A Great British Baking Show alum rethinks a fluffy Scandinavian classic.
If you caught her during her stint as a Great British Baking Show contestant in 2016, you may have seen Benjamina Ebuehi braiding elaborate heart-shaped bread loaves and decorating chamomile layer cakes with elderflower buttercream and cascades of pansies. But the Londoner’s first cookbook, The New Way to Cake, is a celebration of a much more pared-down style of baking—a style that plays less to TV audiences and more to the way home cooks like Ebuehi actually bake. And rather than leaning fully into the Anglophilia that fuels much of the Great British Baking Show fandom, the book draws influence from Scandinavia, France, and India, from ingredients like cardamom and caraway.

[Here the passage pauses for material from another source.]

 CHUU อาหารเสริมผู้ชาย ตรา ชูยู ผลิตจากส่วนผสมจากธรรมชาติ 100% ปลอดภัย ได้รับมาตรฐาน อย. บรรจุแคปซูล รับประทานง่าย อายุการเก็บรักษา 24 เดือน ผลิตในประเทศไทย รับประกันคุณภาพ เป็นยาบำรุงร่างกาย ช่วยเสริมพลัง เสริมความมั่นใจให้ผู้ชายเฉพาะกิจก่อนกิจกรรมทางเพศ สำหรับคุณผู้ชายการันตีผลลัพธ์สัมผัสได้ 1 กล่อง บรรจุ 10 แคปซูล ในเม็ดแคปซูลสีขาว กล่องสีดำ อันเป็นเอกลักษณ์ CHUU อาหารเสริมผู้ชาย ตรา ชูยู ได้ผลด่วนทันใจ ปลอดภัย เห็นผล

“I’ve always been a less-is-more kind of baker,” Ebuehi says over a recent cup of coffee in Manhattan. “I like the look of less—just that simplicity, and how elegant that can often be.” This is all part of the direction Ebuehi thinks baking is moving toward. “I like to think that we’re moving away from purely just aesthetic,” she says—maybe a bit of a reaction to the type of intricacy she summarizes as “spending ten hours making sugar paste flowers for a cake, and then the flavor is kind of not that great.”
Rather than preaching on adherence to technical skills, the book is full of a kind of gestural simplicity. There’s no precise piping—just the freedom to drizzle glaze with abandon. Ebuehi even worries that her personal favorite recipe from the book (a one-bowl pistachio, cardamom, and lemon cake) might be overlooked because it’s so understated. “This is just a humble little loaf in the corner,” she jokes.

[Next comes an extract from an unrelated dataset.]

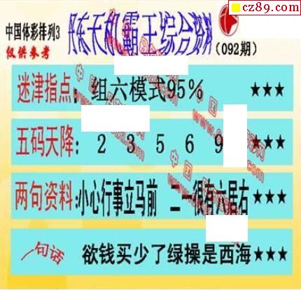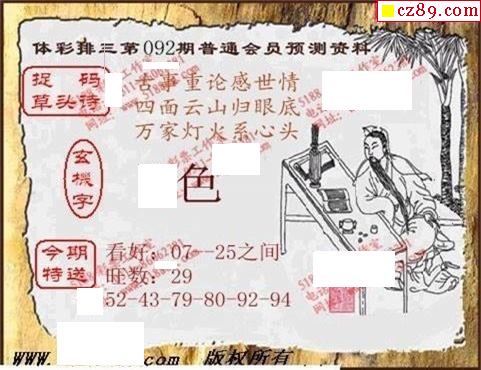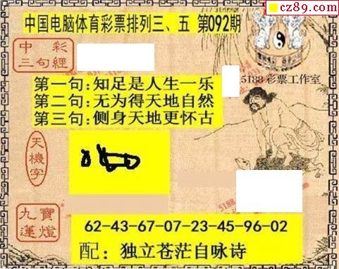 2023年092期牛彩网体彩P3画迷图谜汇总分享

If there’s one semiprofessional skill that Ebuehi thinks every baker should master, it’s making caramel. A pecan cake in the book is topped with a frosting made by simmering honey in a small pot until it darkens and starts to smell smoky (she also recommends mixing this burnt honey with butter and spreading it on toast with a sprinkle of salt). From her caramelized plantain upside-down cake to a sage caramel for an apple cake, the ingredient balances sweet and bitter notes in many of the recipes.
The caramel also brings texture into one of the book’s early runaway hits—the almond brittle cake. Based on a Scandinavian cake called toscakaka, the recipe tops an airy cardamom chiffon cake with an audacious layer of sliced almonds mixed with a brown sugar caramel.

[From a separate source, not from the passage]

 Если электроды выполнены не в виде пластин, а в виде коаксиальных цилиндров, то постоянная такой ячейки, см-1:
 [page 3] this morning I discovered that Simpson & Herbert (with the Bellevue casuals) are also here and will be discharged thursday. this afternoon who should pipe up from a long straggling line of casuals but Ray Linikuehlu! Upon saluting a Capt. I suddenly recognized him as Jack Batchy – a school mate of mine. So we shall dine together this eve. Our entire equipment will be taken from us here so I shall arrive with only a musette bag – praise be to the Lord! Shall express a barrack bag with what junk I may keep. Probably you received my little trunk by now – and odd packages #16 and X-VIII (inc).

“The cake is not completely baked—just firm enough to hold the brittle on top,” she explains. “Then that goes back in the oven, and as the sugar cooks and the nuts caramelize, once you take it out and it cools, it’s super, super crunchy on top.” The layer turns into a shiny, crackly crown of golden-brown brittle that doubles as a decoration—no sugar paste flowers needed.